AIM OF THE EXERCISE – Each entry should be restated word for word, with all pictures left out.

◇ ◇ ◇ ◇

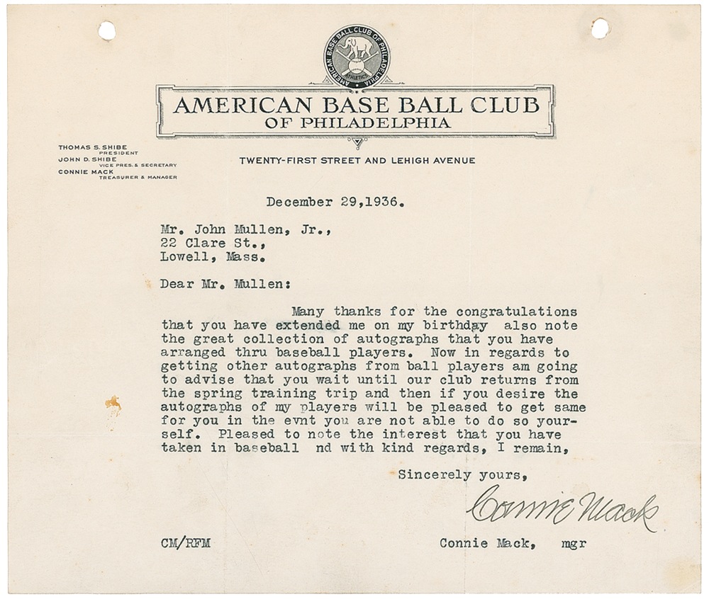 TLS, one page, 8.5 x 7, American Baseball Club of Philadelphia letterhead, December 29, 1936. In full: “Many thanks for the congratulations that you have extended me on my birthday, [I] also note the great collection of autographs that you have arranged thru baseball players. Now, in regards to getting other autographs from ball players, [I] am going to advise that you wait until our club returns from the spring training trip and then if you desire the autographs of my players [I] will be pleased to get same [sic] for you in the evnt [sic] you are not able to do so yourself. [I am] pleased to note the interest that you have taken in baseball nd [sic] with kind regards, I remain, sincerely yours.” Intersecting mailing folds, two punch holes at top edge, and a few spots of staining, otherwise fine condition. Pre-certified Steve Grad/PSA/DNA and RRAuction COA.
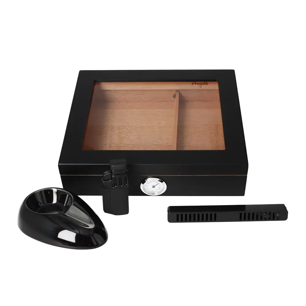 Angelo Humidor Gift Set Black je kvalitetan humidor za cigare s elegantnim crnim dizajnom i unutrašnjošću od cedrovog drva, namijenjen održavanju 20-35 cigara u optimalnim uvjetima vlažnosti. Set uključuje analogni higrometar, ovlaživač sa spužvom, odvojivu pregradu, kao i praktične dodatke poput pepeljare, futrole za cigare i rezača. Dimenzije: 26 x 22 x 11 cm.
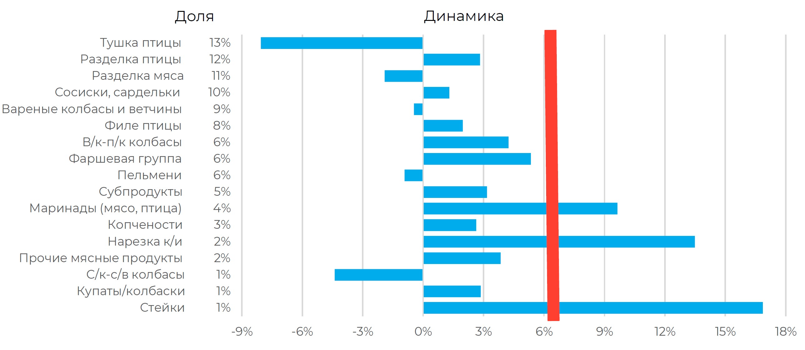 Указана доля подкатегорий за 2024 г. от суммарного объема категории «мясная продукция». Динамика: 2024-й к 2023 г. Красная линия – прирост всего рынка продуктов питания за указанный период. Все показатели даны в физическом выражении.
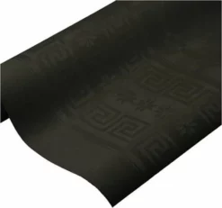 Merkloos Tafelpapier Op Rol Damast 120cm X 8 Mtr. Uni Zwart.
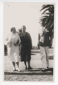 [Gabriela Mistral en Estados Unidos] [fotografía]. [California, Estados Unidos] : [Editor no identificado], 1952. 1 fotografía ; Monocromo en blanco y negro, papel fotográfico brillante, 11,4 x 17,3 .
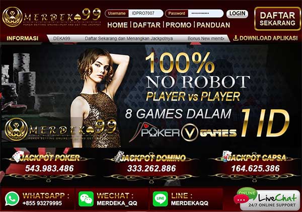 Perlu diketahui, Merdeka99 menyediakan banyak permainan Pkv Games Online terfavorit yaitu Domino99, AduQ, Bandar Poker, BandarQ, Texas Poker, Bandar Sakong, Bandar66 & perang baccarat. semua permainan di atas bisa Anda mainkan dalam 1 (satu) Akun Merdeka99 yang Anda miliki. Jadi lebih praktis karena tidak perlu membuat banyak akun untuk setiap permainan yang akan Anda mainkan.
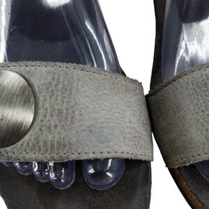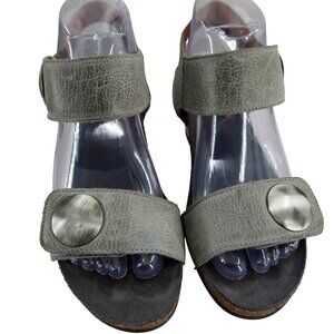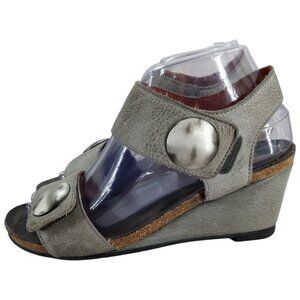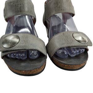 Taos Carousel Gray Leather Wedge Sandals Size 37 US 6-6.5 Adjustable 3209 Pewter
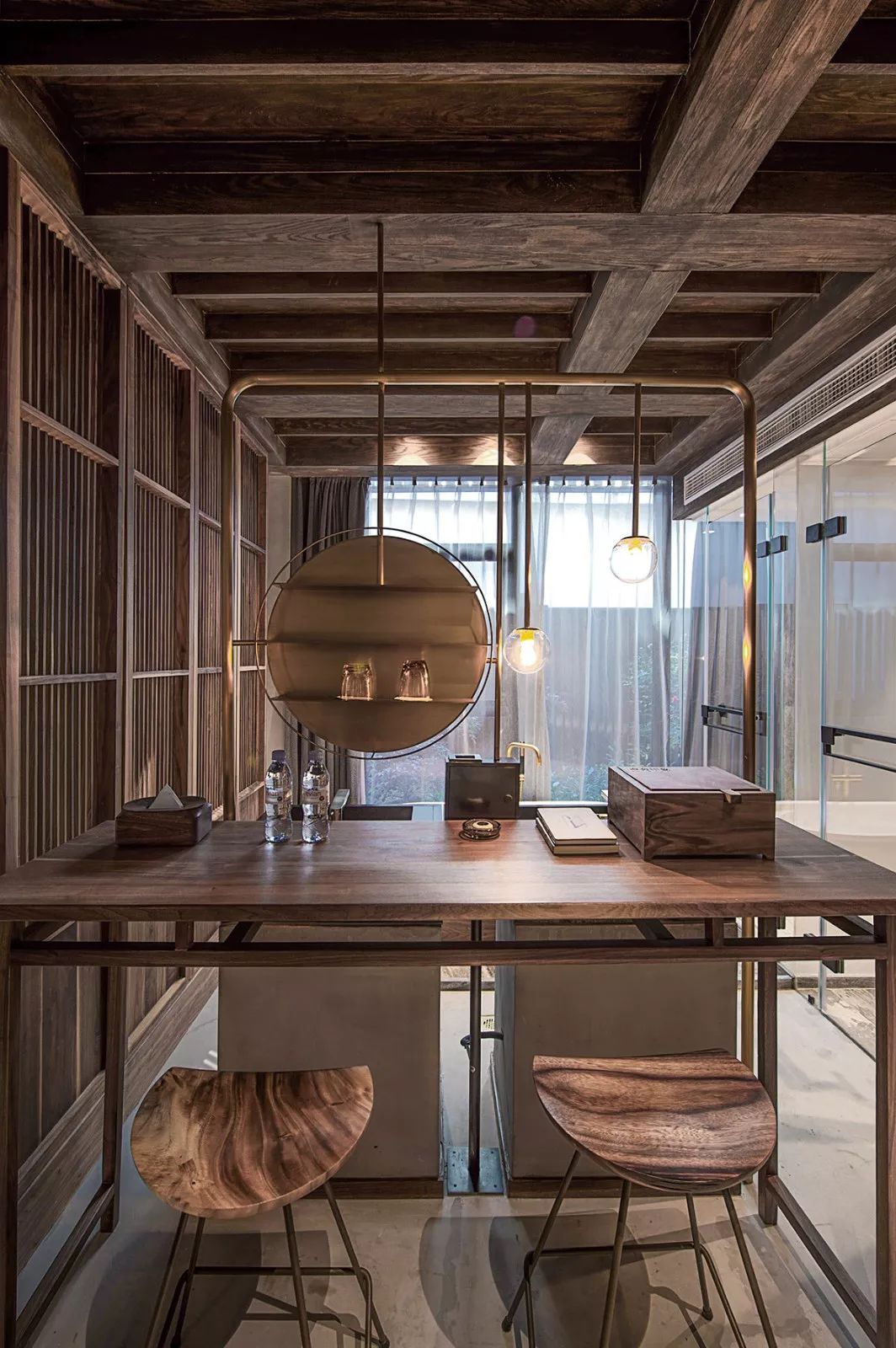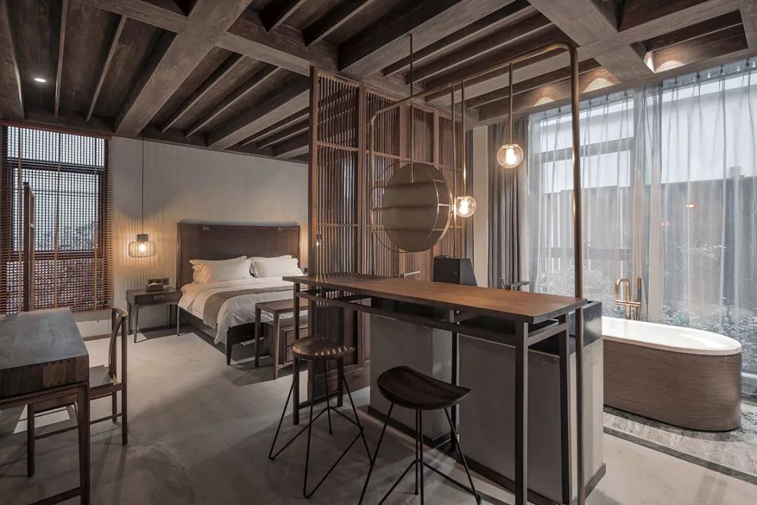 房间“淳”主基调是新中式风格,因其质朴敦厚而得名“淳”,房间里大大的玻璃落地窗,让你安静地看这个绿色的小世界,不去打扰那院中的生灵,毗邻闹市却又大隐于市。
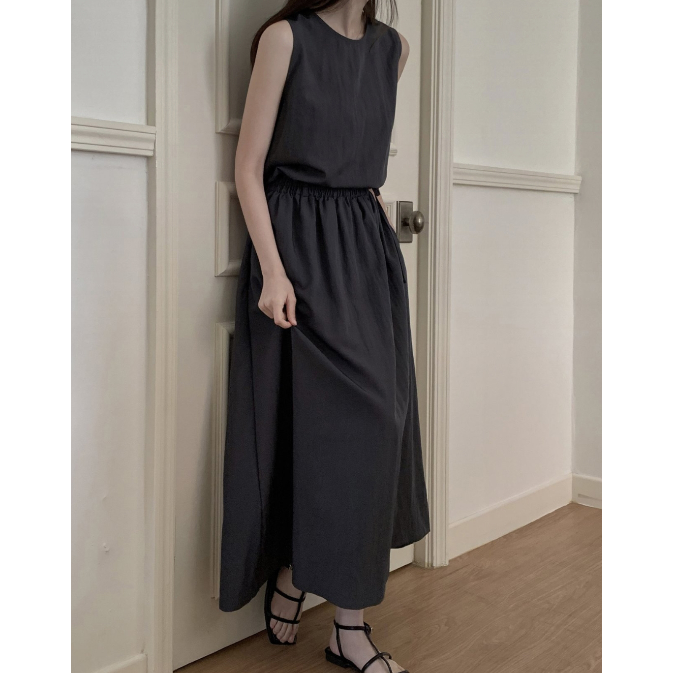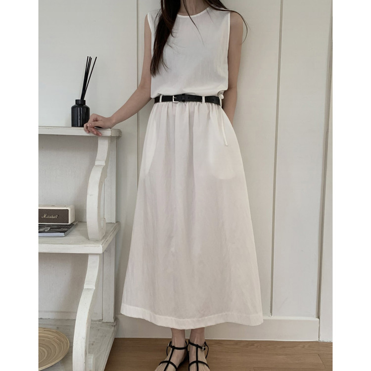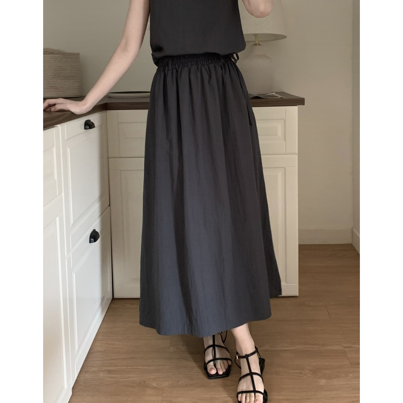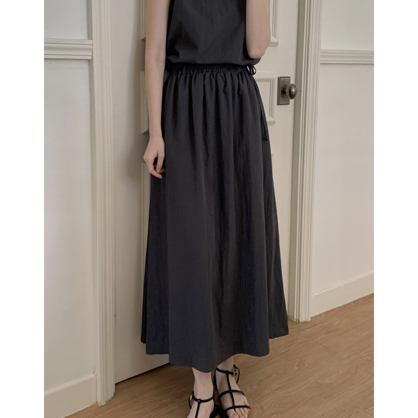 아렌 바스락 밴딩 플레어 롱스커트
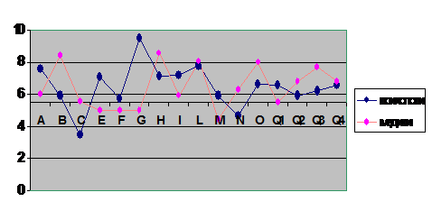 результатов по тесту Р.Кеттелла
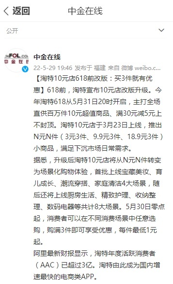 值得一提的是,今年618前夕,淘特宣布10元店改版升级。升级后的淘特10元店将从N元N件转变为场景化购物体验,首批上线宝藏美妆、育儿成长、潮流穿搭、家庭清洁4大场景,此后还将上线厨房生活、精致护理、收纳整理、数码电器等共计8大场景。
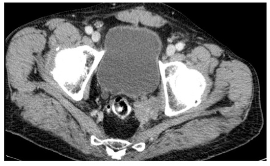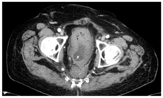 A lateral local recurrence with infiltration of the ureter and bladder was found in a male patient after AR in July 2001. The initial histological finding revealed an ypT2ypN1-tumor. Adjuvant therapy was recommended but was refused by the patient. The five years of regular follow-up were unobtrusive. Eventually, the patient underwent further diagnostic investigation in 2012 because of elevated tumor markers (CEA levels). A CT scan confirmed recurrence in the pelvic wall 135 months after surgery (see Figure 7). The tumor was histologically confirmed through transanal biopsy. The therapy consisted of an extended surgery with resection of the urethra and bladder after local radiation and chemotherapy, but an R0-resection could not be achieved. Furthermore, the patient developed lung metastases and received radiotherapy. The patient died 5 years after diagnosis of local recurrence in 2017.

◇ ◇ ◇ ◇

ANSWER BOX –
 TLS, one page, 8.5 x 7, American Baseball Club of Philadelphia letterhead, December 29, 1936. In full: “Many thanks for the congratulations that you have extended me on my birthday, [I] also note the great collection of autographs that you have arranged thru baseball players. Now, in regards to getting other autographs from ball players, [I] am going to advise that you wait until our club returns from the spring training trip and then if you desire the autographs of my players [I] will be pleased to get same [sic] for you in the evnt [sic] you are not able to do so yourself. [I am] pleased to note the interest that you have taken in baseball nd [sic] with kind regards, I remain, sincerely yours.” Intersecting mailing folds, two punch holes at top edge, and a few spots of staining, otherwise fine condition. Pre-certified Steve Grad/PSA/DNA and RRAuction COA.
 Angelo Humidor Gift Set Black je kvalitetan humidor za cigare s elegantnim crnim dizajnom i unutrašnjošću od cedrovog drva, namijenjen održavanju 20-35 cigara u optimalnim uvjetima vlažnosti. Set uključuje analogni higrometar, ovlaživač sa spužvom, odvojivu pregradu, kao i praktične dodatke poput pepeljare, futrole za cigare i rezača. Dimenzije: 26 x 22 x 11 cm.
 Указана доля подкатегорий за 2024 г. от суммарного объема категории «мясная продукция». Динамика: 2024-й к 2023 г. Красная линия – прирост всего рынка продуктов питания за указанный период. Все показатели даны в физическом выражении.
 Merkloos Tafelpapier Op Rol Damast 120cm X 8 Mtr. Uni Zwart.
 [Gabriela Mistral en Estados Unidos] [fotografía]. [California, Estados Unidos] : [Editor no identificado], 1952. 1 fotografía ; Monocromo en blanco y negro, papel fotográfico brillante, 11,4 x 17,3 .
 Perlu diketahui, Merdeka99 menyediakan banyak permainan Pkv Games Online terfavorit yaitu Domino99, AduQ, Bandar Poker, BandarQ, Texas Poker, Bandar Sakong, Bandar66 & perang baccarat. semua permainan di atas bisa Anda mainkan dalam 1 (satu) Akun Merdeka99 yang Anda miliki. Jadi lebih praktis karena tidak perlu membuat banyak akun untuk setiap permainan yang akan Anda mainkan.
 Taos Carousel Gray Leather Wedge Sandals Size 37 US 6-6.5 Adjustable 3209 Pewter
 房间“淳”主基调是新中式风格,因其质朴敦厚而得名“淳”,房间里大大的玻璃落地窗,让你安静地看这个绿色的小世界,不去打扰那院中的生灵,毗邻闹市却又大隐于市。
 아렌 바스락 밴딩 플레어 롱스커트
 результатов по тесту Р.Кеттелла
 值得一提的是,今年618前夕,淘特宣布10元店改版升级。升级后的淘特10元店将从N元N件转变为场景化购物体验,首批上线宝藏美妆、育儿成长、潮流穿搭、家庭清洁4大场景,此后还将上线厨房生活、精致护理、收纳整理、数码电器等共计8大场景。
 A lateral local recurrence with infiltration of the ureter and bladder was found in a male patient after AR in July 2001. The initial histological finding revealed an ypT2ypN1-tumor. Adjuvant therapy was recommended but was refused by the patient. The five years of regular follow-up were unobtrusive. Eventually, the patient underwent further diagnostic investigation in 2012 because of elevated tumor markers (CEA levels). A CT scan confirmed recurrence in the pelvic wall 135 months after surgery (see Figure 7). The tumor was histologically confirmed through transanal biopsy. The therapy consisted of an extended surgery with resection of the urethra and bladder after local radiation and chemotherapy, but an R0-resection could not be achieved. Furthermore, the patient developed lung metastases and received radiotherapy. The patient died 5 years after diagnosis of local recurrence in 2017.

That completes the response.